[Data extract]:

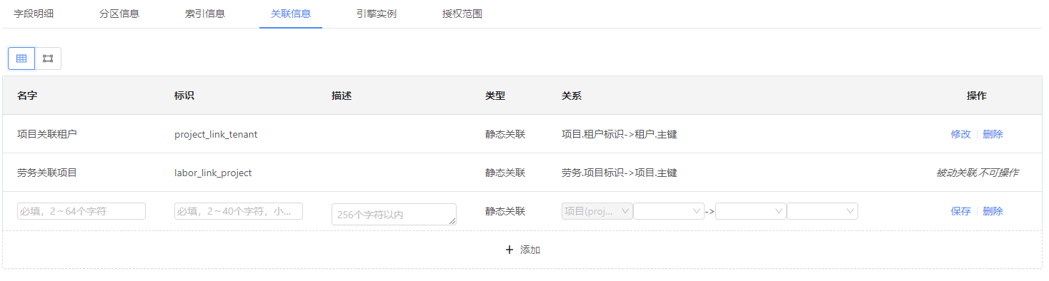 其中其他信息包括字段信息、分区信息、索引信息、关联信息、引擎实例和范围授权,在本节中,将对这几类信息进行详细介绍。
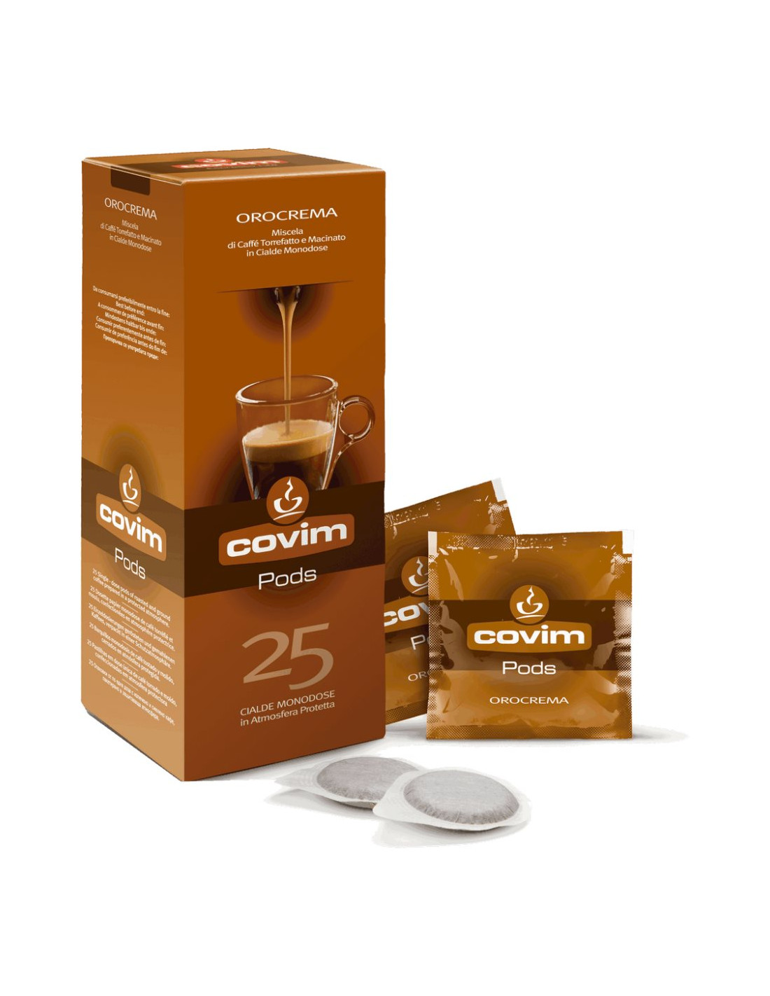 E.S.E. Pods Covim Orocrema, 25 adag - arabica és robusta keveréke a gazdag krémesség és a kiegyensúlyozott csokoládés jegyekért.
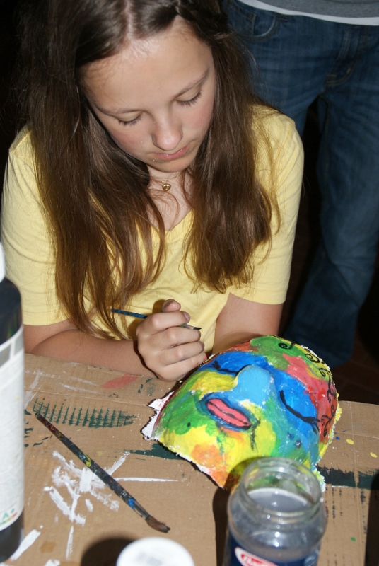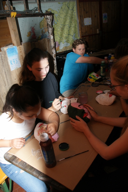 Die Projektgruppen arbeiten jeweils mit Masken und Theater, mit Spiegeln, Holz und Kunst, Trommeln und Rhythmus, oder Fotos. Es ist ein konzentriertes Arbeiten, was außerdem auch viel Spaß macht.
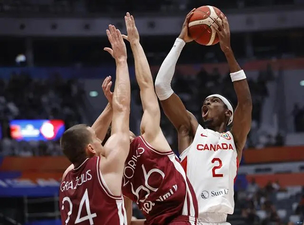 男篮世界杯如火如荼继续开打,H组的第一加拿大和第二拉脱维亚展开一场较量。两支球队小组赛前两场比赛全部取胜且都已经确定出线,本场比赛的胜者将夺得小组第一的席位。首节比赛加拿大的“全明星阵容”状态奇差,亚历山大、狄龙和巴雷特三人总计11投3中,球队这一节仅命中4记运动战进球;拉脱维亚则在外线大做文章并命中5记三分迅速确立起两位数领先。次节加拿大终于找回自己擅长的转换快速得分机会,节中他们轰出15-5的攻势迅速追上比分,巴雷特最后抓对手失误打进压哨上篮帮助加拿大反超1分进入下半场。休息归来亚历山大和巴雷特连续飙进三分并带队取得9分领先;随后的得分荒给了拉脱维亚追近分差的机会,但亚历山大这一节状态实在火热,这一节独砍16分的他在末段帮助球队重新拉开至10分优势;末节加拿大延续状态再送14-4的攻势,分差也直接拉大至20分杀死悬念。最终,加拿大击败拉脱维亚,并以三连胜的姿态完美出线;拉脱维亚虽然输球但不妨碍他们小组第二出线。

[Assignment]: Print the material in full and exactly, minus the pictures.

[Task solution]:
 其中其他信息包括字段信息、分区信息、索引信息、关联信息、引擎实例和范围授权,在本节中,将对这几类信息进行详细介绍。
 E.S.E. Pods Covim Orocrema, 25 adag - arabica és robusta keveréke a gazdag krémesség és a kiegyensúlyozott csokoládés jegyekért.
 Die Projektgruppen arbeiten jeweils mit Masken und Theater, mit Spiegeln, Holz und Kunst, Trommeln und Rhythmus, oder Fotos. Es ist ein konzentriertes Arbeiten, was außerdem auch viel Spaß macht.
 男篮世界杯如火如荼继续开打,H组的第一加拿大和第二拉脱维亚展开一场较量。两支球队小组赛前两场比赛全部取胜且都已经确定出线,本场比赛的胜者将夺得小组第一的席位。首节比赛加拿大的“全明星阵容”状态奇差,亚历山大、狄龙和巴雷特三人总计11投3中,球队这一节仅命中4记运动战进球;拉脱维亚则在外线大做文章并命中5记三分迅速确立起两位数领先。次节加拿大终于找回自己擅长的转换快速得分机会,节中他们轰出15-5的攻势迅速追上比分,巴雷特最后抓对手失误打进压哨上篮帮助加拿大反超1分进入下半场。休息归来亚历山大和巴雷特连续飙进三分并带队取得9分领先;随后的得分荒给了拉脱维亚追近分差的机会,但亚历山大这一节状态实在火热,这一节独砍16分的他在末段帮助球队重新拉开至10分优势;末节加拿大延续状态再送14-4的攻势,分差也直接拉大至20分杀死悬念。最终,加拿大击败拉脱维亚,并以三连胜的姿态完美出线;拉脱维亚虽然输球但不妨碍他们小组第二出线。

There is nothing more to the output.